Records for processing:
_ _ _

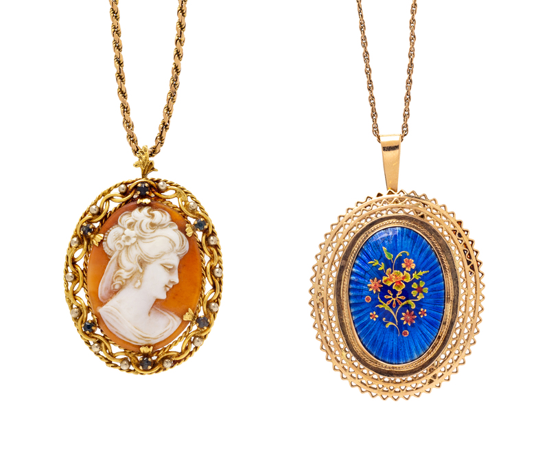 consisting of a pendant/brooch containing one oval shape carved cameo depicting the portrait of a woman with twisted gold surround containing six round mixed cut gemstones suspended from an Italian 14 karat yellow gold rope chain, together with an Israeli 14 karat yellow gold pendant/brooch with floral motif polychrome translucent enamel suspended from a yellow gold rope chain.
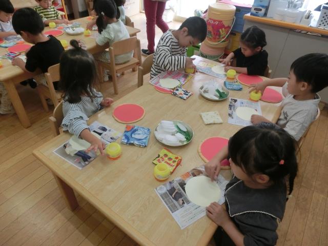 今日のちゅうりっぷぐみは、ごっこあそびの準備でピザ作りをしています。
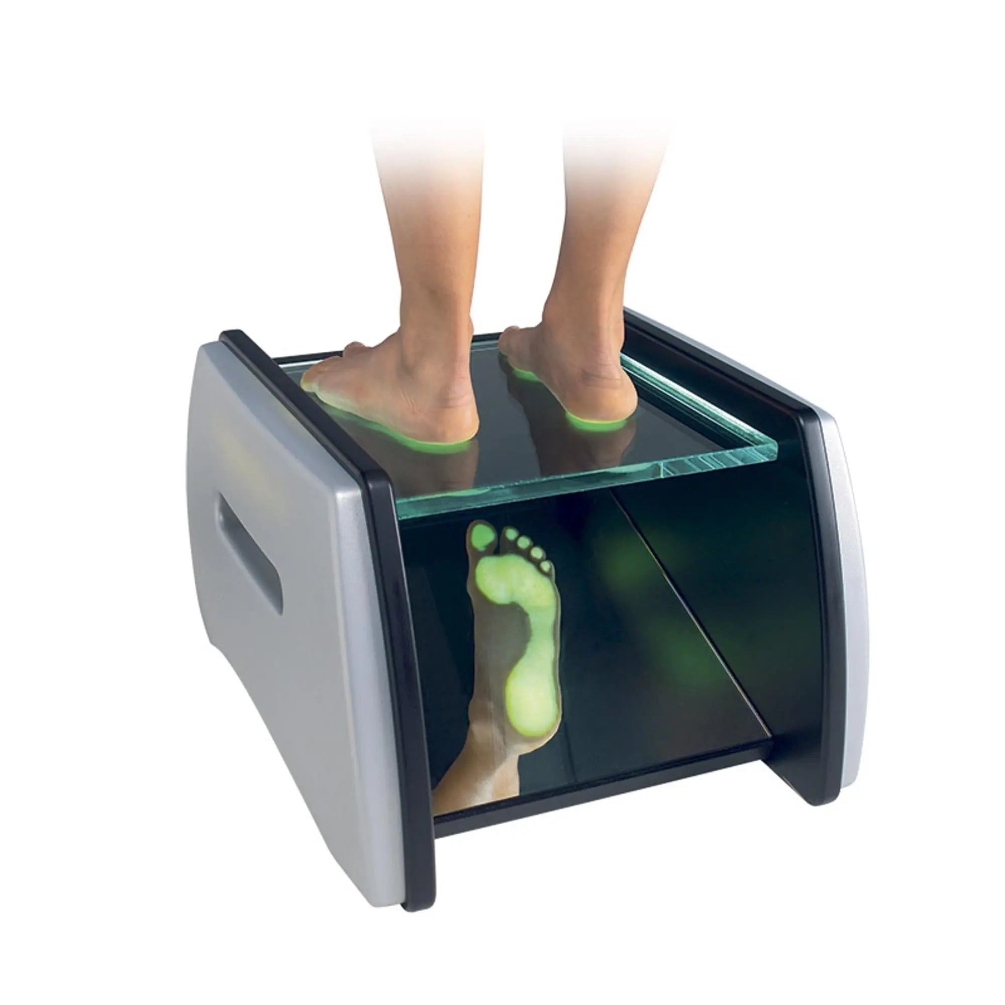 Il se compose d'une structure en bois laqué avec une partie supérieure transparente sous laquelle se trouve un miroir incliné reproduisant fidèlement la plante des pieds et mettant en évidence les différentes pressions des appuis.
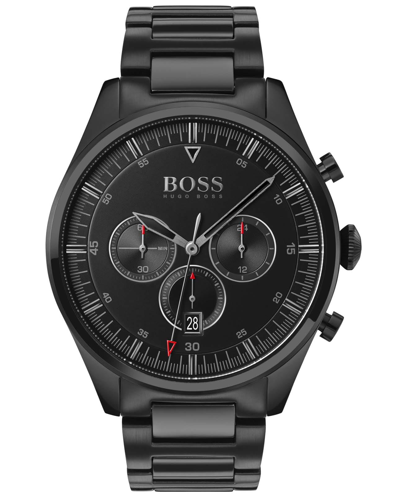 Мужские кварцевые часы Hugo Boss Commissioner HB1513714 представляют собой стильный хронографХронографФункция позволяет измерять отрезки времени с особой точностью: часы, минуты, секунды. Верным признаком хронографа является наличие на циферблате 3 дополнительных окошек-счётчиков. с круглым корпусом диаметром 44 мм из нержавеющей стали с IP-покрытиемIP-покрытиеМетод ионного напыления. Демонстрирует повышенную устойчивость к истиранию, окислению и химическим веществам. Под воздействием высокого давления и температуры около 1500°C молекулы металла надёжно соединяются с частицами корпуса часов. черного цвета. Модель оснащена высокоточным кварцевым механизмом с функцией хронографаХронографФункция позволяет измерять отрезки времени с особой точностью: часы, минуты, секунды. Верным признаком хронографа является наличие на циферблате 3 дополнительных окошек-счётчиков., включая 60-минутный счетчик и 24-часовой индикатор, а также тахиметрической шкалойТахиметрРазмеченная шкала, располагается на ободке или безеле часов. Тахиметр позволяет рассчитать скорость на определённом участке пути, расстояние измеряется в километрах или милях. для расчетов скорости. Черный циферблат с серебристыми стрелками и индексами обеспечивает оптимальную читаемость, защищен устойчивым к царапинам минеральным стекломМинеральное стеклоМинеральное стекло представляет собой искусственно выращенный минерал кварца. Такое стекло отличается особой устойчивостью к повреждениям и царапинам. Уступает по некоторым качествам сапфировому стеклу.. Водонепроницаемость 5 ATM (50 метров) защищает от брызг и дождя. Стальной браслет с IP-покрытиемIP-покрытиеМетод ионного напыления. Демонстрирует повышенную устойчивость к истиранию, окислению и химическим веществам. Под воздействием высокого давления и температуры около 1500°C молекулы металла надёжно соединяются с частицами корпуса часов. и раскладной застежкойРаскладная застёжкаТакой тип застёжки используется только на браслетах из металла. Она никогда не раскрывается полностью, происходит разделение на 2 и более частей. Раскладывающая застёжка снизит вероятность потери часов к минимуму. с фиксатором обеспечивает надежную посадку на запястье.
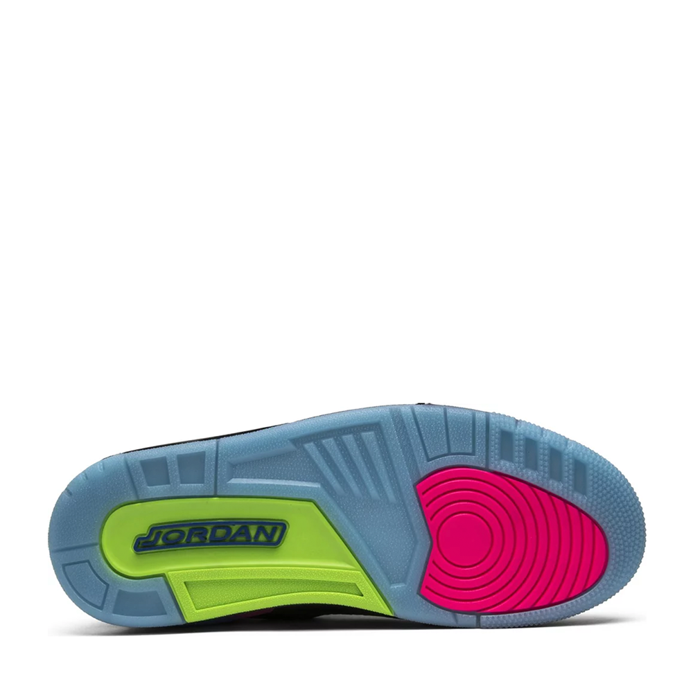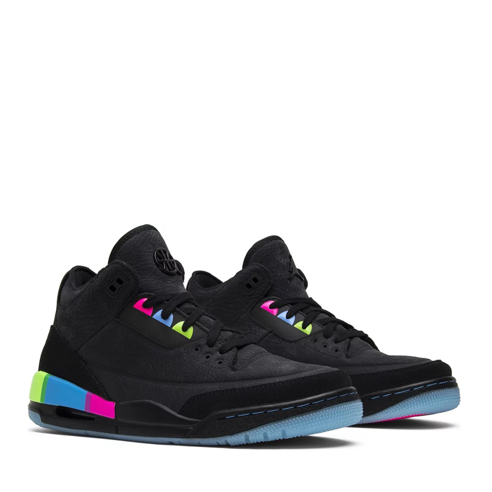 The iconic Jordan 3 taps into the brand’s annual Quai 54 basketball tournament in Paris for a premium rendition that features a black tumbled leather application throughout the upper. Rich suede accents on the toe and heel replace the usual cement print that’s become synonymous with the shoe, while green, pink and bright blue accents line the eyelets and midsole stabilizer. An icy blue outsole contrasts the all-black midsole.

_ _ _

Exercise brief: Transcribe the material above word for word; images do not belong in the copy.

Solution for this problem:
 consisting of a pendant/brooch containing one oval shape carved cameo depicting the portrait of a woman with twisted gold surround containing six round mixed cut gemstones suspended from an Italian 14 karat yellow gold rope chain, together with an Israeli 14 karat yellow gold pendant/brooch with floral motif polychrome translucent enamel suspended from a yellow gold rope chain.
 今日のちゅうりっぷぐみは、ごっこあそびの準備でピザ作りをしています。
 Il se compose d'une structure en bois laqué avec une partie supérieure transparente sous laquelle se trouve un miroir incliné reproduisant fidèlement la plante des pieds et mettant en évidence les différentes pressions des appuis.
 Мужские кварцевые часы Hugo Boss Commissioner HB1513714 представляют собой стильный хронографХронографФункция позволяет измерять отрезки времени с особой точностью: часы, минуты, секунды. Верным признаком хронографа является наличие на циферблате 3 дополнительных окошек-счётчиков. с круглым корпусом диаметром 44 мм из нержавеющей стали с IP-покрытиемIP-покрытиеМетод ионного напыления. Демонстрирует повышенную устойчивость к истиранию, окислению и химическим веществам. Под воздействием высокого давления и температуры около 1500°C молекулы металла надёжно соединяются с частицами корпуса часов. черного цвета. Модель оснащена высокоточным кварцевым механизмом с функцией хронографаХронографФункция позволяет измерять отрезки времени с особой точностью: часы, минуты, секунды. Верным признаком хронографа является наличие на циферблате 3 дополнительных окошек-счётчиков., включая 60-минутный счетчик и 24-часовой индикатор, а также тахиметрической шкалойТахиметрРазмеченная шкала, располагается на ободке или безеле часов. Тахиметр позволяет рассчитать скорость на определённом участке пути, расстояние измеряется в километрах или милях. для расчетов скорости. Черный циферблат с серебристыми стрелками и индексами обеспечивает оптимальную читаемость, защищен устойчивым к царапинам минеральным стекломМинеральное стеклоМинеральное стекло представляет собой искусственно выращенный минерал кварца. Такое стекло отличается особой устойчивостью к повреждениям и царапинам. Уступает по некоторым качествам сапфировому стеклу.. Водонепроницаемость 5 ATM (50 метров) защищает от брызг и дождя. Стальной браслет с IP-покрытиемIP-покрытиеМетод ионного напыления. Демонстрирует повышенную устойчивость к истиранию, окислению и химическим веществам. Под воздействием высокого давления и температуры около 1500°C молекулы металла надёжно соединяются с частицами корпуса часов. и раскладной застежкойРаскладная застёжкаТакой тип застёжки используется только на браслетах из металла. Она никогда не раскрывается полностью, происходит разделение на 2 и более частей. Раскладывающая застёжка снизит вероятность потери часов к минимуму. с фиксатором обеспечивает надежную посадку на запястье.
 The iconic Jordan 3 taps into the brand’s annual Quai 54 basketball tournament in Paris for a premium rendition that features a black tumbled leather application throughout the upper. Rich suede accents on the toe and heel replace the usual cement print that’s become synonymous with the shoe, while green, pink and bright blue accents line the eyelets and midsole stabilizer. An icy blue outsole contrasts the all-black midsole.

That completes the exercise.